5. The method of claim 1 wherein the Stryphnodendron extract is obtained from the barks of the Stryphnodendron plant species.

6. The method of claim 5 wherein the Stryphnodendron plant species is selected from the group consisting of Stryphnodendron polyphyllum and Stryphnodendron adsfringens.

7. The method of claim 1 wherein the composition stimulates collagen synthesis.
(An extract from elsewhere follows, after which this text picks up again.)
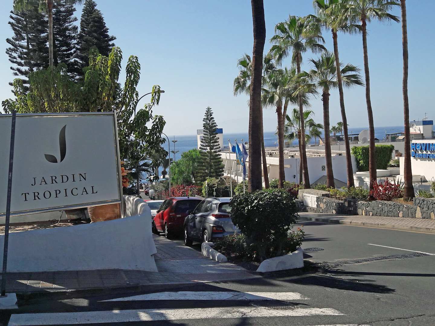 Einfahrt zum Hotel + Blick zum Meer

8. The method of claim 1 wherein the extract is obtained by extraction with water, solvents that can be mixed with water, or mixtures of solvents.

9. A method of treating cutaneous wounds comprising contacting the wound with a composition comprised of Stryphnodendron bark extract wherein the composition contains between about 1% and about 6% total phenols.

10. The method of claim 9 wherein the composition contains about 2% to about 5% total phenols.

11. The method of claim 9 wherein the composition contains about 2.5% to about 3.5% total phenols.

12. The method of claim 9 wherein the total phenols contain about 80% to about 90% tannins.

13. The method of claim 9 wherein the Stryphnodendron plant species is selected from the group consisting of Stryphnodendron polyphyllum and Stryphnodendron adsfringens.

14. The method of claim 9 wherein the composition stimulates collagen synthesis.

15. The method of claim 9 wherein the extract is obtained by extraction with water, solvents that can be mixed with water, or mixtures of solvents.

16. A method of treating cutaneous wounds comprising stimulating collagen synthesis further comprising contacting the wound with a composition comprised of Stryphnodendron bark extract wherein the composition contains between about 1% and about 6% total phenols and between about 80% and about 90% tannins.

17. The method of claim 16 wherein the composition contains about 2% to about 5% total phenols.

18. The method of claim 16 wherein the composition contains about 2.5% to about 3.5% total phenols.

19. The method of claim 16 wherein the Stryphnodendron plant species is selected from the group consisting of Stryphnodendron polyphyllum and Stryphnodendron adsfringens.

20. The method of claim 16 wherein the extract is obtained by extraction with water, solvents that can be mixed with water, or mixtures of solvents.